Tomocube Launches Desktop 3D Metrology System for Glass Substrate Inspection

14 July 2026 | NEWS

The new holotomography platform enables non-destructive three-dimensional defect analysis of glass substrates, helping semiconductor manufacturers improve yield and accelerate advanced packaging development.

Tomocube, a 3D non-destructive inspection and metrology company, announced the launch of HT-T1 Desktop (HT-T1D), a desktop holotomography system for high-resolution 3D defect analysis of glass substrates used in next-generation semiconductor packaging.

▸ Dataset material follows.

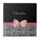 Une tuile noire et blanche à la mode d'empreinte de léopard avec un arc rose mignon de ruban enveloppé comme un présent. Personnalisez en ajoutant votre nom. Perfectionnez le présent pour une fille girly de l'adolescence !
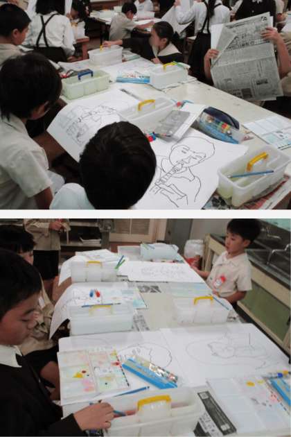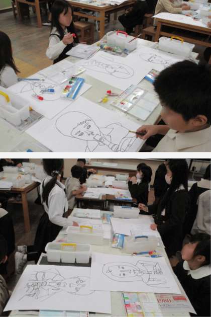 図工科の時間は、リコーダーを吹く自分の姿を題材に絵画の作品を描いています。

HT-T1D is optimised for glass-substrate inspection and metrology workflows. When conventional in-line panel inspection tools, such as automated optical inspection (AOI) systems, flag a potential defect, HT-T1D takes the corresponding coordinates and reconstructs the interior of the glass substrate in three dimensions, resolving the location, morphology, and depth-wise characteristics of defects that surface inspection alone cannot reveal.

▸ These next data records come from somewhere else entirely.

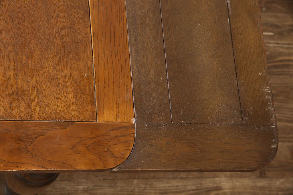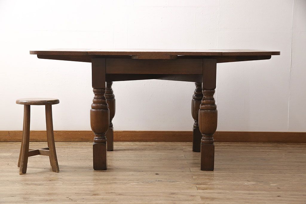ラフジュ工房> テーブル> 4人用ダイニングテーブル > イギリスアンティーク オーク材製 挽き物の脚が存在感を際立たせるドローリーフテーブル(ダイニングテーブル、食卓、エクステンションテーブル、拡張式テーブル)(R-053571)
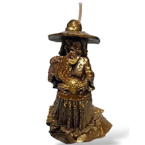 Vela decorativa tallada a mano con forma de bruja vidente sosteniendo una bola de cristal. Elaborada en parafina ecológica de alta calidad, en tono bronce-dorado con efecto metálico envejecido.
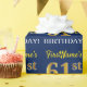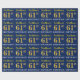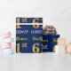 Ce design papier d’emballage comporte un message comme "61e ANNIVERSAIRE de FirstName!", le "61e" ayant une apparence de couleur fausse/imitation or. Le nom peut être customisé, et l'arrière - plan est de couleur bleue. Il pourrait peut-être être utilisé pour envelopper les cadeaux donnés pour le soixante et unième anniversaire de quelqu’un. [~Z0000181]

Glass core substrates and glass interposers are drawing growing attention as key enabling materials for AI accelerators, high-bandwidth memory (HBM), and other advanced packaging applications. As these substrates move toward mass production, however, manufacturers face mounting challenges in identifying the root causes of micro-defects introduced during complex process steps such as laser drilling, etching, metallization, and singulation. A single critical defect can scrap an entire unit. As a result, the ability to quickly turn inspection data into process improvements has become critical to production-line stability.

HT-T1D applies Tomocube's visible-light holotomography to visualise the three-dimensional refractive-index distribution inside glass with a refractive-index sensitivity of 10⁻⁴. Because the measurement is non-destructive, the same location can be measured repeatedly across successive process stages, allowing users to track when and how a defect forms, propagates, or enlarges. The system is expected to shorten defect-analysis cycles that have traditionally depended on destructive failure analysis, reducing analysis time from days or weeks to minutes in applicable workflows and supporting earlier intervention ahead of high-cost downstream steps.

Alongside the hardware, Tomocube also introduced TomoAnalysis MI (TAMI), a dedicated 3D analysis software platform for metrology and inspection. TAMI quantitatively analyses 3D refractive-index volume data and generates structured reports for engineering review. It also processes data from HT-T1M, Tomocube's planned in-line module for deployment through system integration partners, in the same format — providing a unified workflow from R&D investigation through production-line review.

"Glass substrates are emerging as a critical material for next-generation semiconductor packaging, but true competitiveness in mass production will depend on how quickly manufacturers can understand defects and translate that understanding into process improvements," said YongKeun Park, Chief Executive Officer of Tomocube. "HT-T1D goes beyond defect detection, helping customers identify root causes and refine process conditions. We believe it will become an essential metrology platform for accelerating yield learning in glass-substrate manufacturing." He added, "The same platform can also address glass photonic integrated substrates for co-packaged optics (CPO), where the refractive index itself directly affects device performance. This expands its applicability beyond defect analysis to areas that require functional metrology."

With the launch of HT-T1D, Tomocube will engage glass-substrate manufacturers, advanced-packaging companies, and system integration partners to support 3D defect analysis, process review, and yield-learning workflows for glass-substrate manufacturing. The company will also continue to expand its glass-substrate inspection and metrology portfolio, including future in-line deployment through system integration partners, as it addresses the growing demand for defect-analysis and yield-learning solutions in advanced semiconductor packaging.